Below are some records. Return exactly the lines from the one with "The Goldfish and" to the one with "The other characters", and nothing else.

• Material for this task
----

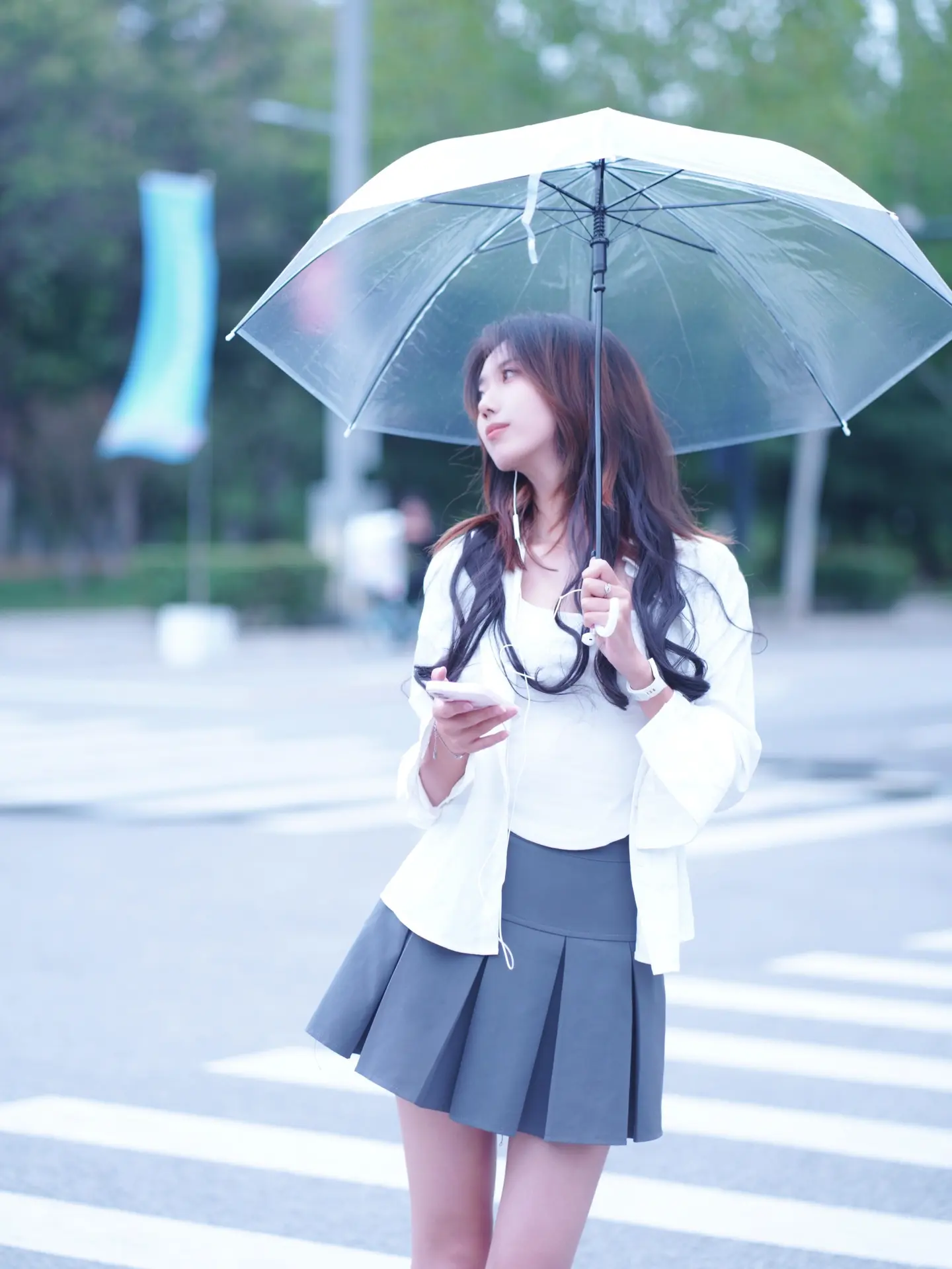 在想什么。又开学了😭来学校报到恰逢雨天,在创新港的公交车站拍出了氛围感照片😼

----

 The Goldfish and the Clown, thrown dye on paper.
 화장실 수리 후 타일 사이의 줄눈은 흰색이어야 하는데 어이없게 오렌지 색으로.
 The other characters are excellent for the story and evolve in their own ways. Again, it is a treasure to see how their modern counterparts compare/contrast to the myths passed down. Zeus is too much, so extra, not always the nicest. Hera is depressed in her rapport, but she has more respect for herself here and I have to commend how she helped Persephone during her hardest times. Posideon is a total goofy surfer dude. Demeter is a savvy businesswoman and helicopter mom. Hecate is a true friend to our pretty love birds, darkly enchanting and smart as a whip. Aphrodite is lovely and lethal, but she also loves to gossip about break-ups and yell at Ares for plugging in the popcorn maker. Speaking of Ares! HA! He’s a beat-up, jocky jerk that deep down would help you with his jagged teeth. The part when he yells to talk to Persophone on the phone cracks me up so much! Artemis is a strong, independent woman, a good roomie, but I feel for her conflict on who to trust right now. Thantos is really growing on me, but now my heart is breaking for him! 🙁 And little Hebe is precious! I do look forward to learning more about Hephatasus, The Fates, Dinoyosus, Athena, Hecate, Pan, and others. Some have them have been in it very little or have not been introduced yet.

----

• Task output
 The Goldfish and the Clown, thrown dye on paper.
 화장실 수리 후 타일 사이의 줄눈은 흰색이어야 하는데 어이없게 오렌지 색으로.
 The other characters are excellent for the story and evolve in their own ways. Again, it is a treasure to see how their modern counterparts compare/contrast to the myths passed down. Zeus is too much, so extra, not always the nicest. Hera is depressed in her rapport, but she has more respect for herself here and I have to commend how she helped Persephone during her hardest times. Posideon is a total goofy surfer dude. Demeter is a savvy businesswoman and helicopter mom. Hecate is a true friend to our pretty love birds, darkly enchanting and smart as a whip. Aphrodite is lovely and lethal, but she also loves to gossip about break-ups and yell at Ares for plugging in the popcorn maker. Speaking of Ares! HA! He’s a beat-up, jocky jerk that deep down would help you with his jagged teeth. The part when he yells to talk to Persophone on the phone cracks me up so much! Artemis is a strong, independent woman, a good roomie, but I feel for her conflict on who to trust right now. Thantos is really growing on me, but now my heart is breaking for him! 🙁 And little Hebe is precious! I do look forward to learning more about Hephatasus, The Fates, Dinoyosus, Athena, Hecate, Pan, and others. Some have them have been in it very little or have not been introduced yet.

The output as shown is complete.